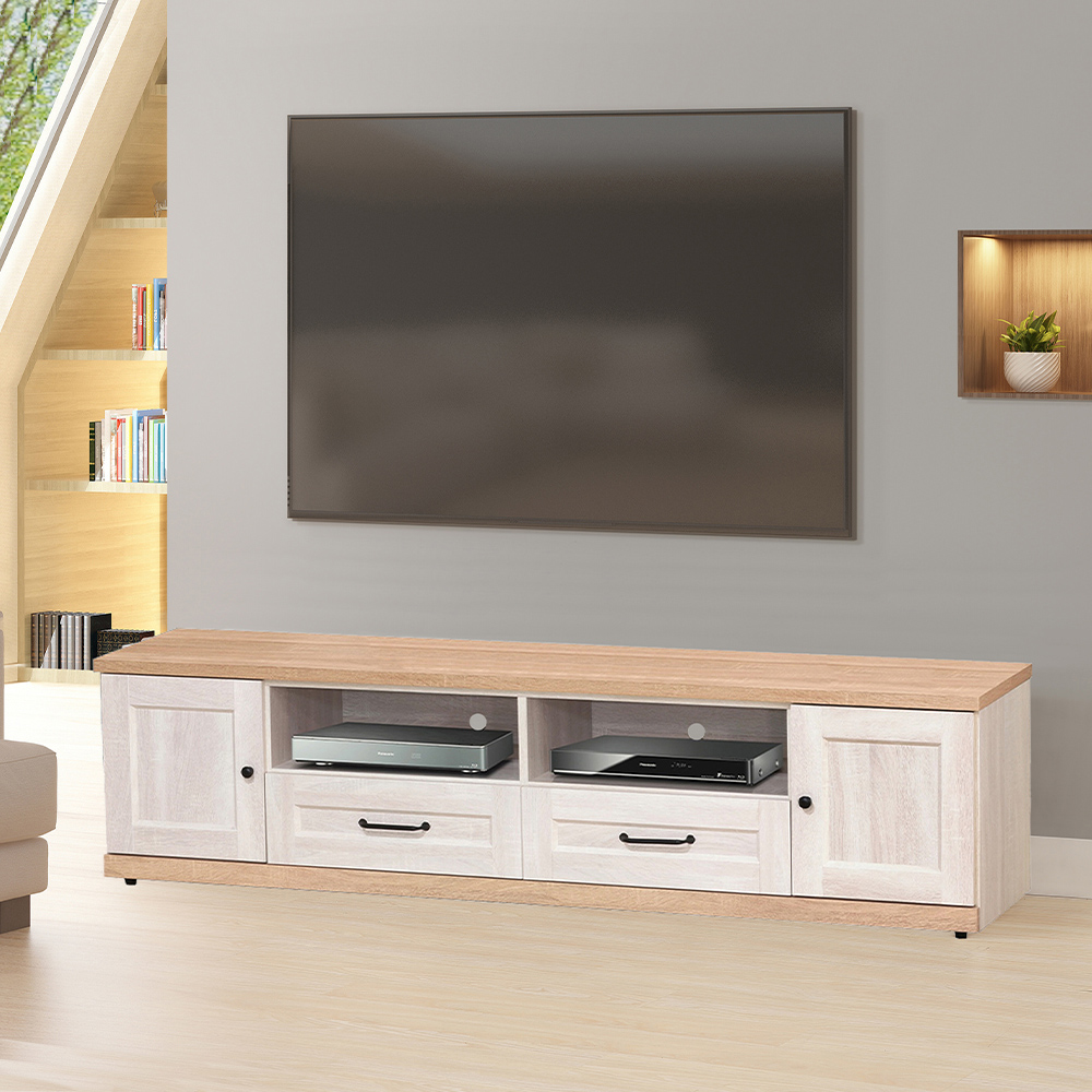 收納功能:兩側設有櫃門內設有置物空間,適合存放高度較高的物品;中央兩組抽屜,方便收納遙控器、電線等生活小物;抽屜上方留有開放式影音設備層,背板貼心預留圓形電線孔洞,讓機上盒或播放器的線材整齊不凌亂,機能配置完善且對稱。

...

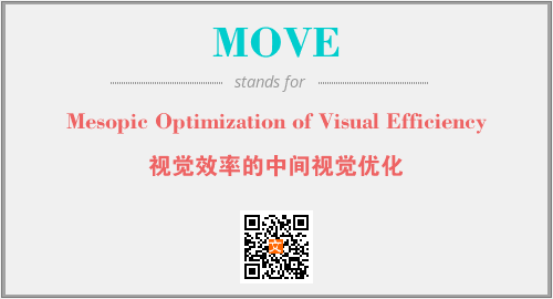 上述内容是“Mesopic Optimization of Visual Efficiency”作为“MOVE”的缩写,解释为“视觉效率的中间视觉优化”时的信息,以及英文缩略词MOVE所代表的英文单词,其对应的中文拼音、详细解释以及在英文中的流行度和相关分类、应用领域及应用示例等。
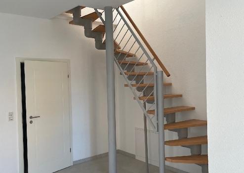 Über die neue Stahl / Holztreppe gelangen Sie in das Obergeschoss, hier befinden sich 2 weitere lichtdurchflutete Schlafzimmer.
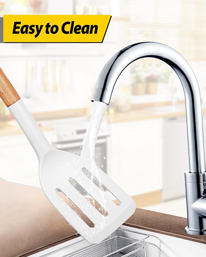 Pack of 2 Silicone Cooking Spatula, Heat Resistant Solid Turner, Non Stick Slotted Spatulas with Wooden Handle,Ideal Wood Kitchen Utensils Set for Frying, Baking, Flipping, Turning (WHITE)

* * *

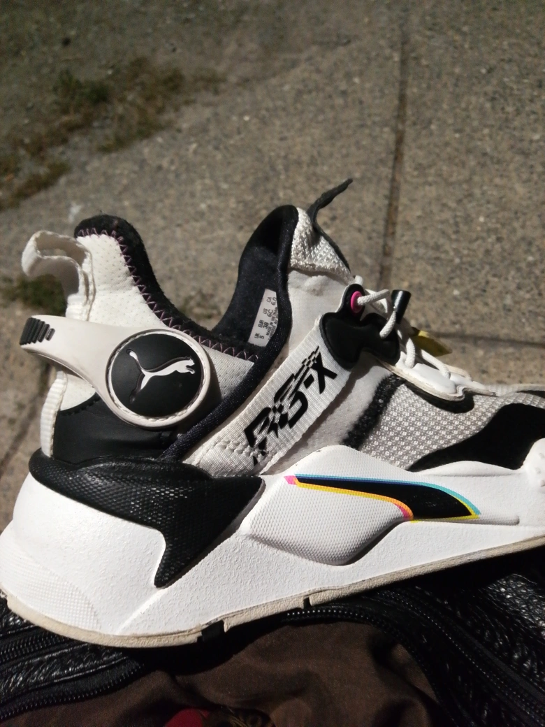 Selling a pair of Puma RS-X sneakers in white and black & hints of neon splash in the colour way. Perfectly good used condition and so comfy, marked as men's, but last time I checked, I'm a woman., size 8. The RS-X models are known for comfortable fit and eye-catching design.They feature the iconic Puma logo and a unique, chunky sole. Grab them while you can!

## To do
Skipping every picture, transcribe exactly the lines above from the one containing "Über die neue" through the one containing "Pack of 2 Silicone", both included.

## Response to this task
 Über die neue Stahl / Holztreppe gelangen Sie in das Obergeschoss, hier befinden sich 2 weitere lichtdurchflutete Schlafzimmer.
 Pack of 2 Silicone Cooking Spatula, Heat Resistant Solid Turner, Non Stick Slotted Spatulas with Wooden Handle,Ideal Wood Kitchen Utensils Set for Frying, Baking, Flipping, Turning (WHITE)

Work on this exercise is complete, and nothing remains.